Rejection

May is pitching a no hitter and my batting average is streaking in the wrong direction.  In the last thirteen days, the following list of things have happened:

  • One of my best friends had a family emergency that led to her abruptly—and understandably—not being able to go to Oregon with me.
  • My dream company to work for, which by some twist of fate is located in Knoxville, turned me down—twice—for entry level writing positions that I am qualified for.
  • A literary agent informed me that the novel I’ve written doesn’t meet industry standards for the audience I wrote the novel for.
  • My first choice agent at the top literary agency in the world turned down my novel, echoing in his rejection letter what other rejection letters have said: my opening pages aren’t compelling or gripping.

That’s the way the cookie crumbles sometimes. I’m used to rejection—but the frustration remains the same. I don’t expect everything to work out in life, but it would be nice if something worked out every now and then.

When it comes to #1, I’m mostly disappointed it didn’t work out. But I also know it won’t change our friendship and we’ll still get to take adventures in the future. #2, well…I’ve applied for well over 45 jobs at my dream company—interviewing for two—and it’s become quite clear that I am not what they’re looking for. Even in a janitor. I tried. Three times. #4 was expected—you don’t just become an author represented by Writer’s House. I’m not that talented, and my book isn’t that good, but you gotta at least try. Publishing is such a happenstance crapshoot.

The hardest one to swallow is probably #3.

In a lot of ways, the book I wrote is the book I wish I had been around. No one really writes about college kids. No one really writes about being in your twenties. Which, when you consider that almost all sitcoms seem to cover this slice of the age pie, is kind of baffling. There isn’t a set place for my book on the shelf because my characters are too old for Young Adult, not sex-and-tattoo-oriented enough for New Adult, not old enough for upmarket or literary fiction, and then the setting doesn’t fall into a genre shelf.

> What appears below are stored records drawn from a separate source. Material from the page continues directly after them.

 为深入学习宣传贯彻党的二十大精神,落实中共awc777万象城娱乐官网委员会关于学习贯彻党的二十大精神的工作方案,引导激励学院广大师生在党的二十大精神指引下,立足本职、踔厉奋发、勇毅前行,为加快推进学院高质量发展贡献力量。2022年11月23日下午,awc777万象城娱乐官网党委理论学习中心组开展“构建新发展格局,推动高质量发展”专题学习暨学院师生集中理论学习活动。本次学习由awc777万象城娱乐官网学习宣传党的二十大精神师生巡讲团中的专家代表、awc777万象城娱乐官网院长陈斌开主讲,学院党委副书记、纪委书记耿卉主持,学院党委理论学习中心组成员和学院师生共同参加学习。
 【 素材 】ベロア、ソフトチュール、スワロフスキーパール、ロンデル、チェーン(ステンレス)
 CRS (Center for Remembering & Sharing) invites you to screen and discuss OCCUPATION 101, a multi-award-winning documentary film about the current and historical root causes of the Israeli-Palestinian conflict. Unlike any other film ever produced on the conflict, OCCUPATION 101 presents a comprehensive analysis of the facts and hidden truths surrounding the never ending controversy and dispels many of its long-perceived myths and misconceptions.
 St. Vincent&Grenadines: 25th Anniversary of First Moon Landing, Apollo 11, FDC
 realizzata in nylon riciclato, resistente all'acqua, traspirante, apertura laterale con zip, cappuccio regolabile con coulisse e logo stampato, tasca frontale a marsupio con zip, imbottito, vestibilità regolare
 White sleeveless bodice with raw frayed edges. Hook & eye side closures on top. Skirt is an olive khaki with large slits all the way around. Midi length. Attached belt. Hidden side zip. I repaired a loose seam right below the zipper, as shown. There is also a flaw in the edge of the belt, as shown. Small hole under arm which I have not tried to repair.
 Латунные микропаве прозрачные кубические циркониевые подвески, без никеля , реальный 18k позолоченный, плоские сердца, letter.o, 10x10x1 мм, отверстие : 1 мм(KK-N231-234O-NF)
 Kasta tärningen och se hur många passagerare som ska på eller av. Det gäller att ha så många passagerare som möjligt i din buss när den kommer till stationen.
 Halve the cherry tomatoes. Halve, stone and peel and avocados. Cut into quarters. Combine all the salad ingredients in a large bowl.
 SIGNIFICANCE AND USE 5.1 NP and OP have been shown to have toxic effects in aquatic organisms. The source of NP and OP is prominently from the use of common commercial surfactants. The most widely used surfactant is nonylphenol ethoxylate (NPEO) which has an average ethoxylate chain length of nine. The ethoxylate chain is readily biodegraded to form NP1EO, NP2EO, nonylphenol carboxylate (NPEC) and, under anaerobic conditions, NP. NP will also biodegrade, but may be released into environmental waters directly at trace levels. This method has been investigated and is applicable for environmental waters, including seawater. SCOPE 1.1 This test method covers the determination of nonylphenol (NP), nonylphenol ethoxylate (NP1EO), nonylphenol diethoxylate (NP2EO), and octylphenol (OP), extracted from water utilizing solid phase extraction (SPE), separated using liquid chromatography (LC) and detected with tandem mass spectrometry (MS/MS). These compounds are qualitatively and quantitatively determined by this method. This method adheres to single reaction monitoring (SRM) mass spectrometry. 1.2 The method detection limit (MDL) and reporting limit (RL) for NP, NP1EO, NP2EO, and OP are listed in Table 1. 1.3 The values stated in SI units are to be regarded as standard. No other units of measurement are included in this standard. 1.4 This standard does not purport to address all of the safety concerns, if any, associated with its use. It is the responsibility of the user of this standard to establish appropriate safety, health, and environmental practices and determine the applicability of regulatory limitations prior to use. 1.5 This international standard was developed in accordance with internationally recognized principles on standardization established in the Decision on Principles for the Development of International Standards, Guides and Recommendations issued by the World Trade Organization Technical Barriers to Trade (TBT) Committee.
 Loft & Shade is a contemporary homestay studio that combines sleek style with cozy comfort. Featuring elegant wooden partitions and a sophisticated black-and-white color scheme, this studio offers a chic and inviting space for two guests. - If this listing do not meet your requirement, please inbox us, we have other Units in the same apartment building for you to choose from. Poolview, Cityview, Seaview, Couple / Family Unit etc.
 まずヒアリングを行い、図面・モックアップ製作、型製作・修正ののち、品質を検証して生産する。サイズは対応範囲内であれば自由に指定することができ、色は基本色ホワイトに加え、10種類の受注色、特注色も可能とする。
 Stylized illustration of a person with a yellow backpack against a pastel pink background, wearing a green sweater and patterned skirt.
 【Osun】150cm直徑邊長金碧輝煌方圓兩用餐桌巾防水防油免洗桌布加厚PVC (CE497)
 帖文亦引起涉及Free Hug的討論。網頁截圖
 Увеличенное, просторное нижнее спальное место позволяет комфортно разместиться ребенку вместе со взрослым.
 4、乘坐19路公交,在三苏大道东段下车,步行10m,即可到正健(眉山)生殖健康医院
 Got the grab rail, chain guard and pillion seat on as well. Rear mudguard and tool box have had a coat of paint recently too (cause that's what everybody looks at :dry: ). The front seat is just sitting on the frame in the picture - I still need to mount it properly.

It’s the book I had to write. I know that. It’s a story I had to tell. You don’t write towards trends, you write the story you must write. Writing to trends is an easy way to be two-to-three years behind. Publishing redefines lethargic. Sometimes you just get lucky with your book and a trend aligning.

I thought my book was Young Adult, if only because it tries to address the weird, real world space of “where do I go after school?” and “what does becoming an adult look like?” It’s not the most exciting story, though I think I have a few scenes that utilize some great sentence crafting to up the intensity. I thought there was a lot of levity and heart in the heaviness. There is definitely a large swath of books that occupy that headspace in YA. I knew mine was “too old,” but other books that are too old have slid in before—and yes, best believe I put them in my comps.

I can’t control that agents don’t seem to think my opening chapters are gripping. That’s down to personal preference, and it’s just one more way that I don’t seem to be what anyone is looking for these days. But I am still quite proud of those chapters. I do think they’re good and where the story starts. A friend thinks I need to write a prologue—which seems to be the one thing everyone in publishing says to avoid—that uses some information to create an even stronger hook. I’m hesitant and it doesn’t feel right in my gut. But who knows.

Edit, adjust, and move on. That’s the only way to get published. But I’m getting tired. It’s just one more place where there is a very minor appearance of a modicum of control, but in the end it’s just one more open-handed offering with a lot of waiting and no certainty at all.